After anonymously notifying Bitcoin ABC developers in April of a critical ‘chain-splitting’ bug in the Bitcoin Cash code, a Bitcoin Core developer has emerged to claim responsibility for the discovery — what he describes as a “wake-up call” for the entire cryptocurrency industry.
In a post on Medium, Cory Fields revealed that he was the individual responsible for the anonymous tip-off, having alerted Bitcoin ABC of the SIGHASH_BUG on the 25th of April, 2018.
According to Fields, the bug could have caused an unintended split in the Bitcoin Cash network — compromising the integrity of transactions, and potentially bringing the fourth-largest cryptocurrency by market capitalization to its knees.

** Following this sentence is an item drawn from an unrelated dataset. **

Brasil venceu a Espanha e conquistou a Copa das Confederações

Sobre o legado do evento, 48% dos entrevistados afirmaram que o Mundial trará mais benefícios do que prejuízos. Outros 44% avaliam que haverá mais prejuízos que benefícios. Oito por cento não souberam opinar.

The vulnerability was addressed by the ABC team, however, and was announced to have been mitigated on May the 7th. Included in the incident report was a technical description of the issue:
“An attacker may construct a malicious transaction which would be accepted by Bitcoin-ABC 0.17.0 and mined into a block. This block would be rejected by all other versions of Bitcoin Cash compliant implementations.”
Having avoided what Fields described as the “potential for catastrophe”, Bitcoin ABC acknowledged the actions of their unknown hero and offered them an unspecified bounty.
The Dangers of Disclosure
For Fields, however, anonymity meant safety.

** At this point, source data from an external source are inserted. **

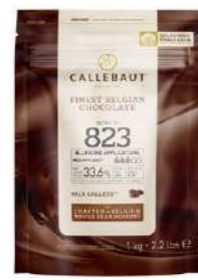
Cobertura de chocolate con leche 823NV Callebaut® 823-E5-U71
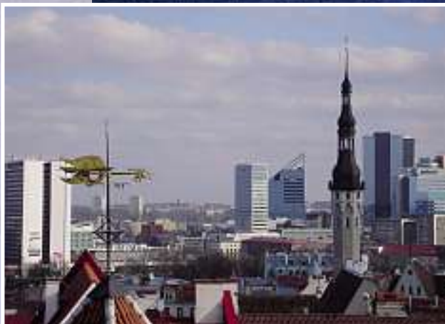
Ansichten von Tallinn
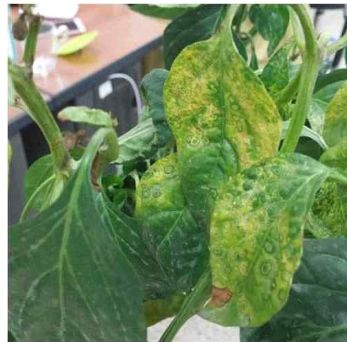
< 총채벌레 피해 잎(바이러스) 및 과실 >
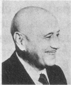
par Jean Nohain
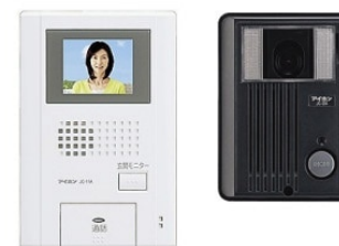
TVインターホン(西日本)

The developer explained that, had he openly disclosed the bug to ABC, he would be the first in the firing line if a hacker had exploited it — as the only identified individual to have knowledge of the vulnerability. Explaining his reasoning, Fields noted that “people have been killed for much less”:
“I would have no way to prove that I was not the attacker. Then consider that, collectively, billions of dollars could have been lost as a result of this exploit. People have been killed for much less. So not only was anonymity important, I considered it a necessity for my safety.”
Fields went on to explain that Bitcoin ABC’s lack of a responsible disclosure policy may be partly to blame — a legislation he describes as a “must-have for any security-critical project”.

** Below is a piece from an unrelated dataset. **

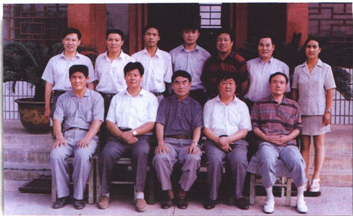
桥塘村领导班子及部分编委成员合影

Where some would see the BCH bug as water under the bridge, Fields maintains that the issue was not endemic — and was a “real-world example” of the significant challenges facing all cryptocurrencies, including Bitcoin. He wrote:
“I’m often asked at conferences and workshops what I consider to be Bitcoin’s greatest challenge in the future. My answer is always the same: avoiding catastrophic software bugs.”
According to the developer, all projects must be adequately prepared for any eventuality — one might entertain the idea that disclosure policy is the tip of the iceberg.